# Reliance Freedom Plan



## Doddy (Jan 18, 2005)

hello all

i want to ask one question about Reliance Infocomm 
on website of Reliance given the new rates

*www.relianceinfo.com/webapp/Infocomm/jsp/media/PressRelease.jsp?id=100

check the Freedom Plan , Monthly Charges  650

i don't understand one thing Surfing is Unlimited and data download is 1 GB

what is meaning of Surfing is Unlimited ?

if i surf on net like yahoo, google, thinkdigit etc
the data is downloaded in the form of images files and other files
that is part i don't understand

or if i download any software, mp3 files etc is that Data Download that reliance meantion?

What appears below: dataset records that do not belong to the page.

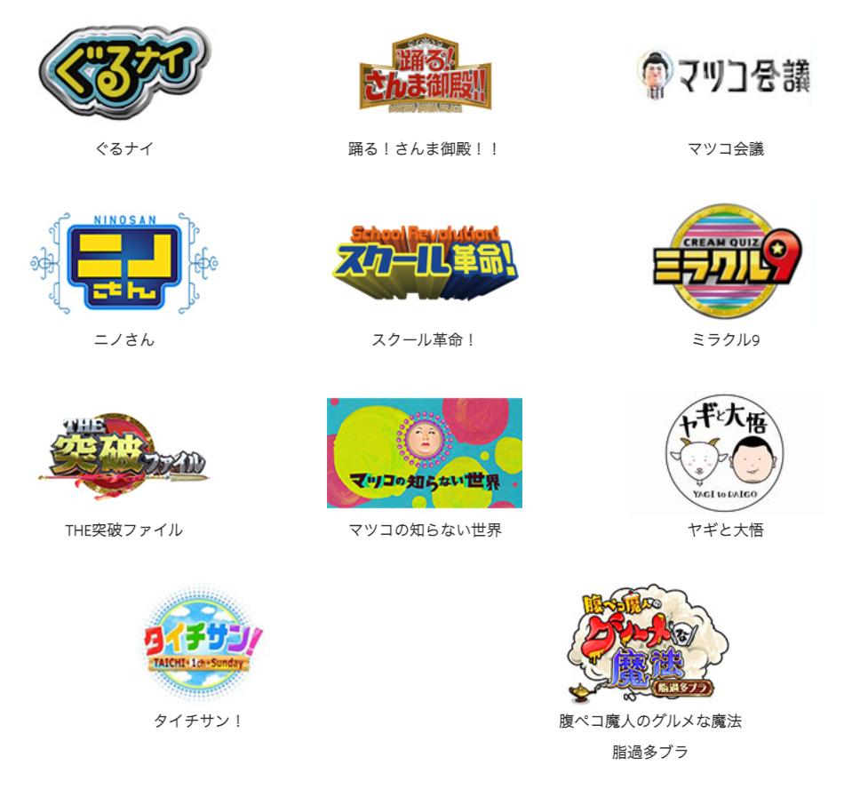 ・日本テレビ「ぐるぐるナインティナイン」「踊る!さんま御殿!!」「マツコ会議」「ニノさん」「スクール革命!」「THE突破ファイル」
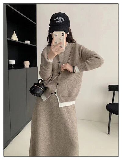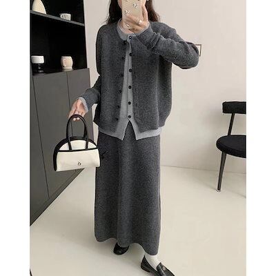 【2枚購入で 2oo円OFF!】人気なリプニット 秋冬 新作 セーター ニット フェイクレイヤード 上下セット 二点セット レディースセットアップ ニット アウター
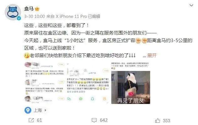 商家們紛紛意識(shí)到了這一點(diǎn)。3月30日,盒馬推出新的概念“盒區(qū)房”,在“3公里30分鐘送達(dá)”的基礎(chǔ)上,新增“5公里1小時(shí)送達(dá)”,服務(wù)配送費(fèi)及免運(yùn)費(fèi)門(mén)檻與3公里內(nèi)保持一致。
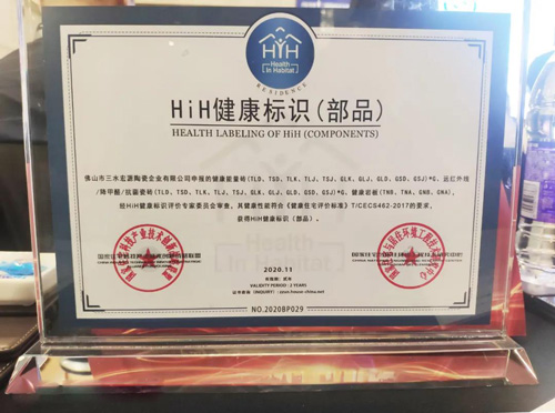 “HiH健康标识(部品)”证书由国家住宅与居住环境工程技术研究中心和国家住宅科技产业创新战略联盟联合颁发,旨在促进优质健康产品在家装领域和房地产项目中的广泛使用,评选出真正符合用户健康需求的产品,倡导绿色健康地产,推动建筑走向卓越品质。
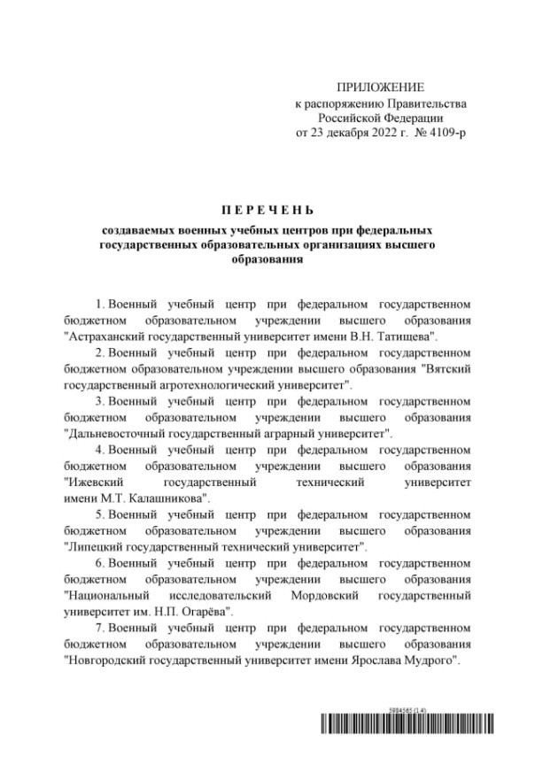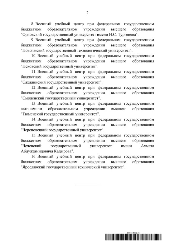 В перечень создаваемых военных учебных центров вошли: Ижевский технический университет имени Калашникова, Чеченский госуниверситет имени Ахмата Кадырова, Псковский госуниверситет.
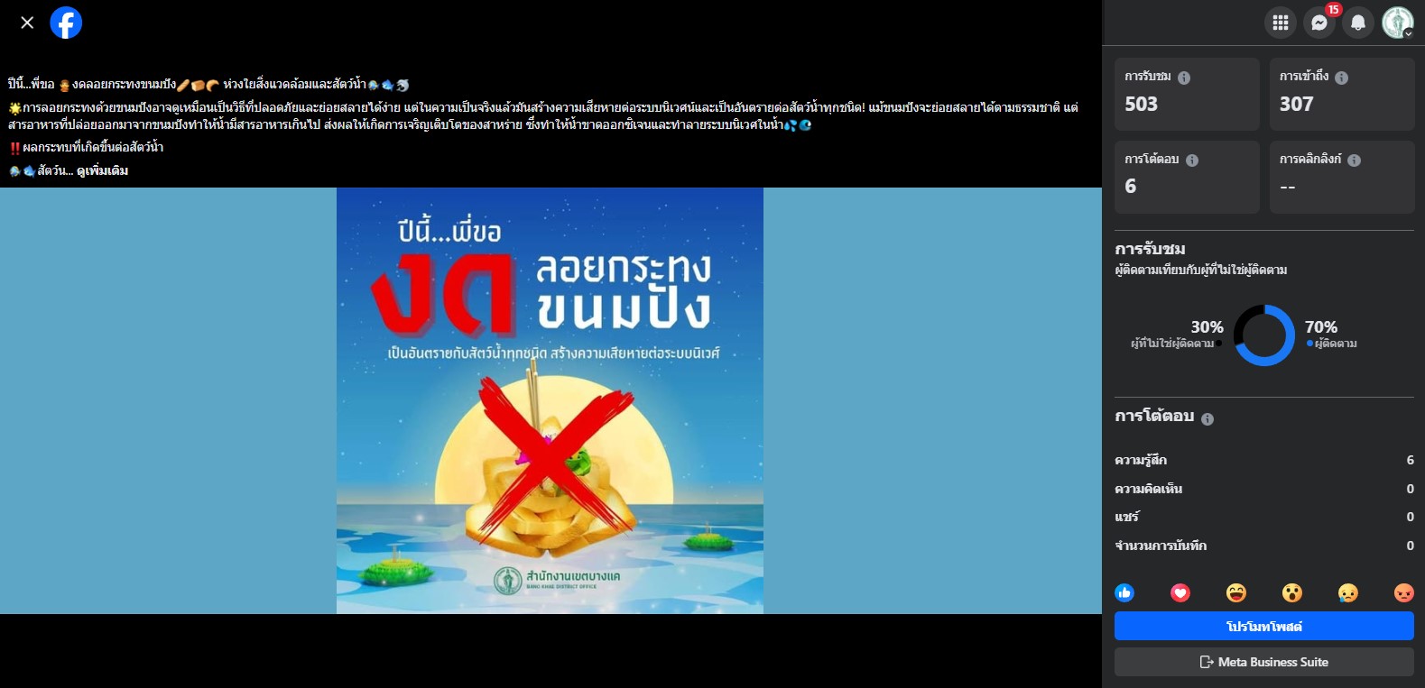 | 13-12-2024 | 1.00 |  | สื่อประชาสัมพันธ์ เรื่อง ปีนี้...พี่ขอ งดลอยกระทงขนมปัง ห่วงใยสิ่งแวดล้อมและสัตว์น้ำ ที่เผยแพร่ ผ่านช่องทาง Facebook สำนักงานเขตบางแค เมื่อวันที่ 12 พฤศจิกายน 2567 | |
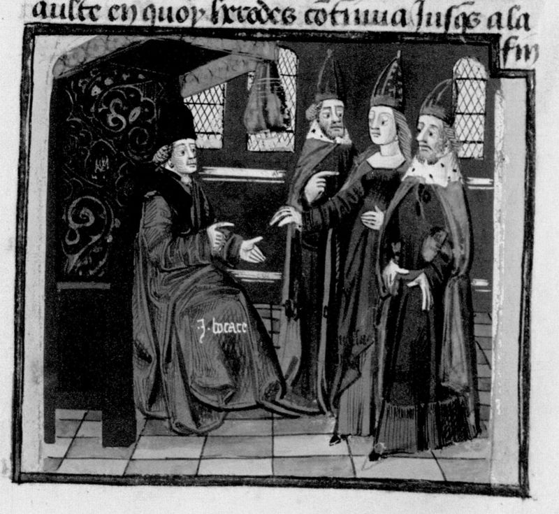 Parigi, Bibliothèque Nationale de France, Fr. 230, f. 191r. Il copista del manoscritto è P. Droulin. Giovanni Boccaccio si rivolge a Caligola, Tiberio e Messalina.
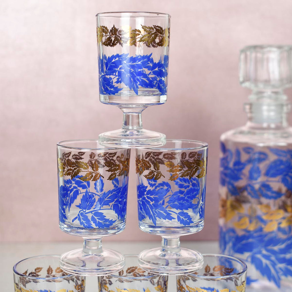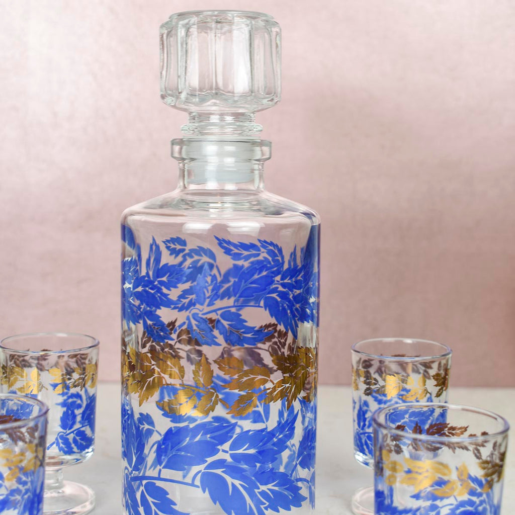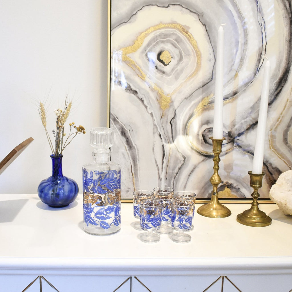 This vintage French decanter and glass set is the perfect addition to your bar! Set includes one small decanter and 6 small shot glasses. Has a stunning, vivid cobalt and gold leaf pattern across all pieces. A great find for anyone wanting to add a little pop of retro blue to their bar cart!

or i am completly wrong ... i have not contacted reliance customer care.

help me out.


----------



## Sourabh (Jan 18, 2005)

it just means that

total upload+ download = data transfer availble by default for free in that plan is 650 Rs. so even the data downloaded thry webpages, images, file downloads , uploads, even pinging websites to check whether ur connection is alive lolz is included in the data transfer

to the best i can understand, unlimited surfing just means that for a normal user who only surfs 1Gb data transfer is more than sufficient

for more info contact their customer care, it really is good except that they say to call another number everytime for these queries


----------